Finger Punch

The following may shock some of you, because it’s real, yo.

Wes and I don’t always agree.

I’ll give you a moment to fan yourself with your lace kerchief before I continue.  Do you need a fainting couch?  Perhaps some smelling salts?  No?  Ok, onwards!

Wes and I were chatting while falling asleep the other day when an Issue emerged.  Something we didn’t agree on, and now we’re seeking couples counseling via the Internet.

The Issue was over whether or not a poke can be considered a finger punch (you know, like a punch but with just the one finger instead of the whole fist).  I’m a strong proponent of the idea that yes, a poke can be considered a finger punch.  No one would ever say finger punch over poke, of course, because finger punch is a lot more work to say, but regardless of its expediency I still argue that poke = finger punch.

Wes thinks this is pure drivel.  He refused to explain how a poke could intrinsically differ from a finger punch, simply stating that I was being silly and should go to sleep.

I’ll not let this rest, though.  I need resolution.  So, even though you guys normally side with Wes when we do polls, I’m going to open this up to you to help us decide.

[poll id=”17″]

6 thoughts on “Finger Punch

  1. Hahhahaha. I started laughing the minute I read “finger punch”. And really, I think it depends on how hard the poke is. I mean, a tickle poke isn’t a punch. But a thrust in the chest, yeah, probably.

  2. Even though I voted “no,” I agree with you… to an extent. From a legal perspective they are both battery (unwelcome touching), but I voted no because there is still a sharp difference. If someone five-finger punches you, they are probably trying to hurt you, and you would be justified in giving them a nice sharp right-cross to the jaw. The intent behind a poke (the non-facebook kind) is probably more likely to be to display indignancy, or simply to annoy/insult/vex the other person.

    Intent and response, that’s the key for me. If someone tries to full-hand (or elbow) punch me, they are trying to hurt me and I will try and hurt them right back and be legally justified in doing so. If someone pokes me, they are probably not trying to seriously injure me, so my response will be more measured, certainly more deliberate and thought out, and may just involve moving the offending finger in a not-so-gentle manner, which could actually be considered an innappropriate level of response.

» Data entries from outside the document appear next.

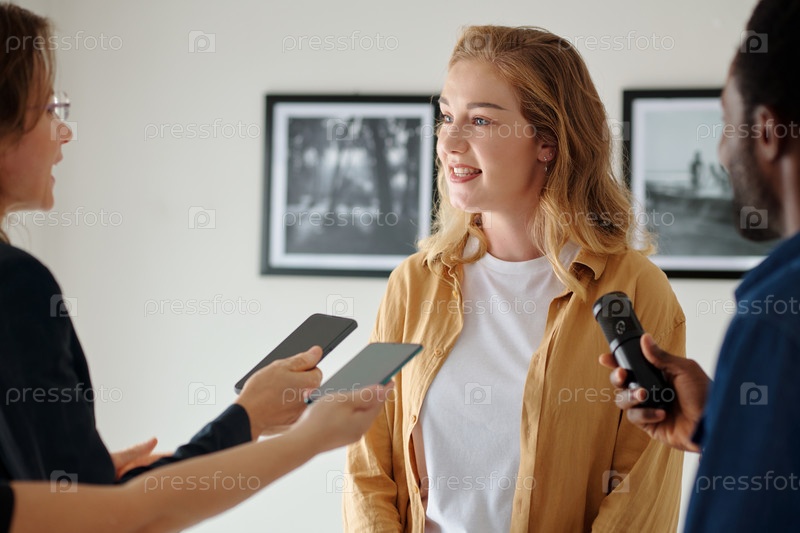 Молодая уверенная в себе блондинка отвечает на вопросы журналистов
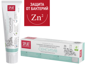 Антибактериальная зубная паста SPLAT SENSITIVE для снижения чувствительности зубов и восстановления эмали, 100 мл. Снижение чувствительности зубов и восстановление эмали.Защита от бактерий!*Эффективная укрепляющая зубная паста для людей с повышенной чувствительностью зубов.Эффективно расщепляет зубной налет и делает поверхность зубов идеально гладкой благодаря сочетанию натурального фермента из папайи (Papain) с высокомолекулярным отбеливающим компонентом Polydon®. Инновационная система Sp.White System® безопасно отбеливает и полирует эмаль до блеска.Эффект: — Восстанавливает эмаль, восполняет потерю минералов и снижает чувствительность зубов благодаря гидроксиапатиту кальция (nHap). Эффективность доказана клинически.- Снижает кровоточивость десен благодаря эфирным маслам ромашки и испанского лимона.- Обладает антиоксидантным действием и защищает от бактерий благодаря витаминам С, РР, Е, флавоноидам и компоненту Biosol.Новая BIO-формула.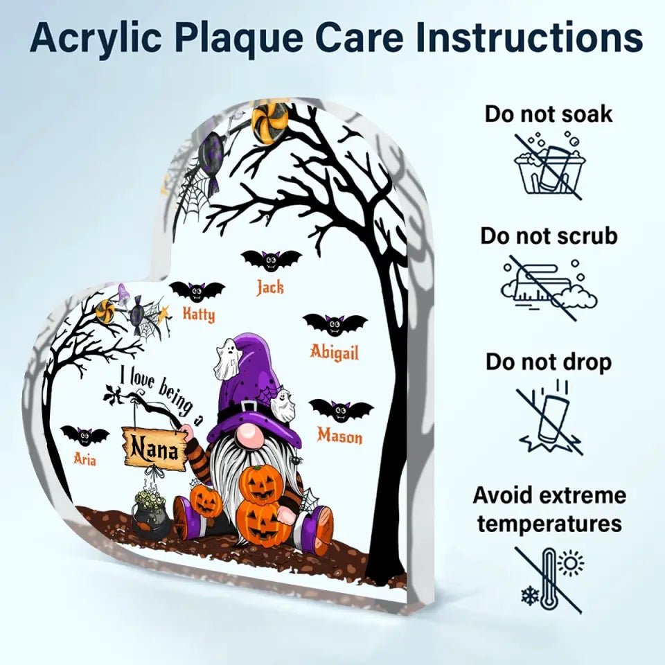 I Love Being A Nana Halloween - Personalized Custom Heart-shaped Acrylic Plaque - Halloween Gift For Grandma, Mom, Family Members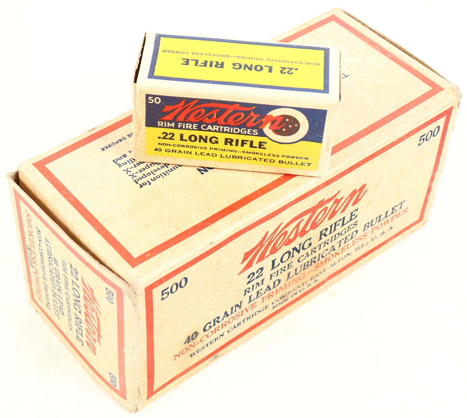 Western, Rim Fire Cartridges, .22 Long Rifle, Partial 9 boxes, 1pc. Buff & red brick, brick is solid with very good color, some age soiling, minor staining, some corner wear, minor edge wear, end flaps are solid, inside boxes are excellent. Grade: Very Good ++ - Value: 100 to 400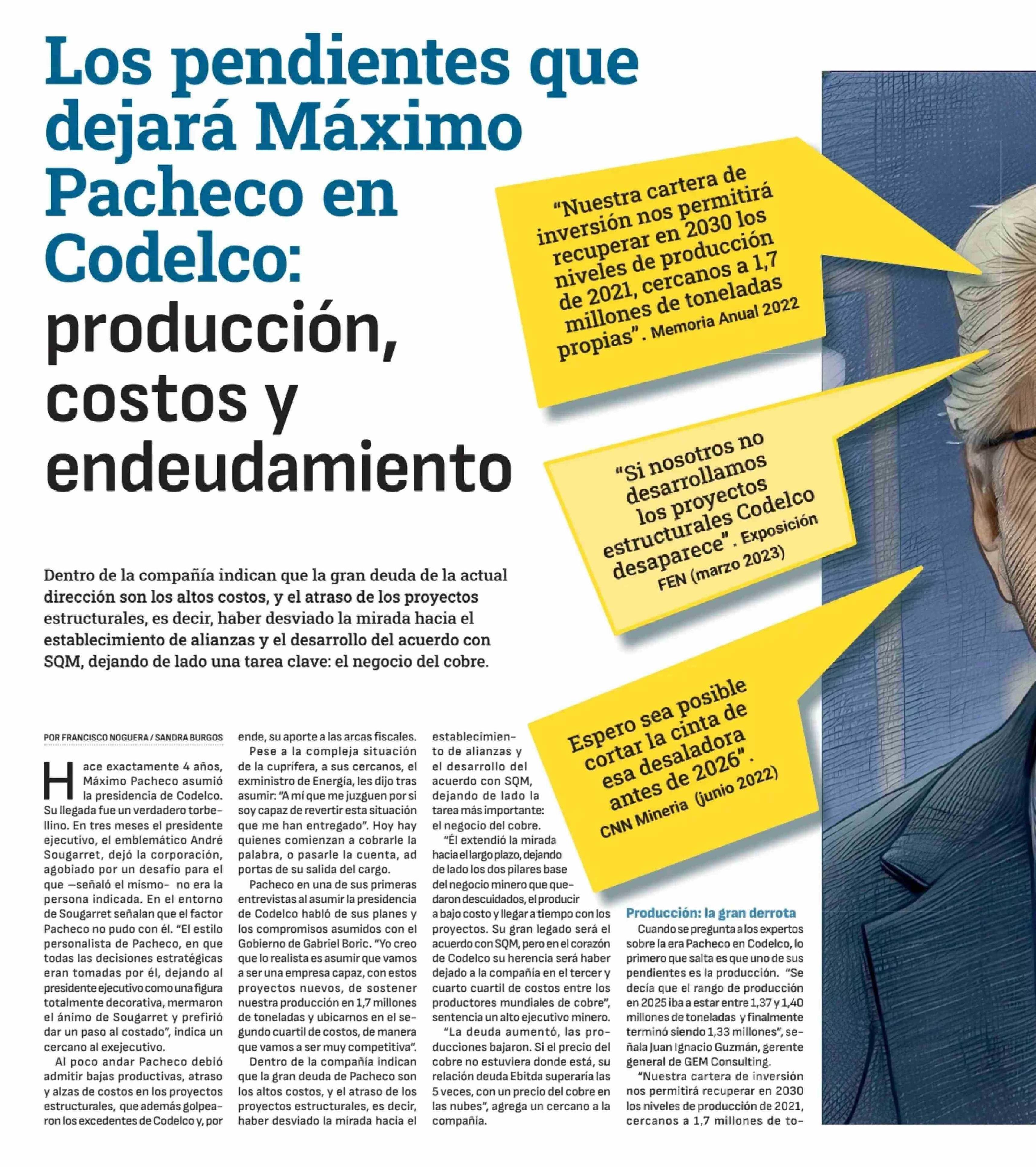 | Título: | Los pendientes que dejara Maximo Pacheco en Codelco: producción, costos y endeudamiento |

    In conclusion, while a poke and a punch fall under the same title in the eyes of the law, the intent and the appropriate response provide an acute demarcation between the two which makes me hesitant to call them the same thing.

  3. -Belly Girl, Thank you! Wes is shaking his head, mwa ha ha ha ha!

    -Syd, So glad I could make you laugh! But there are nice punches too, like when guys lightly punch one another in the arm in a congratulatory fashion. Could that be equated with a tickle poke?

    -DC, Part of me just wants to say, “No! You’re wrong!” before sticking out my tongue and running to hide. But I won’t! In the interest of discourse I’ll behave.

    If intent and ensuing response are the differentiators, shouldn’t you also consider the different kinds of punches and pokes? If you poke someone in the eyes or testes, for example, couldn’t that be considered a tactical punch? And wouldn’t it merit an appropriately angry response?

    Likewise, when people do fist bumps, those aren’t intended to injure but they are considered punches. So really, what my argument boils down to is intent and response can vary and don’t provide as clear a demarcation as the jury has been led to believe.

  4. Ok, so I’m late to the party but… hinging on the word COULD I would agree with you, yes it could be. I think it all comes down to intent, pressure applied and the subject of the conversation at the time of poking!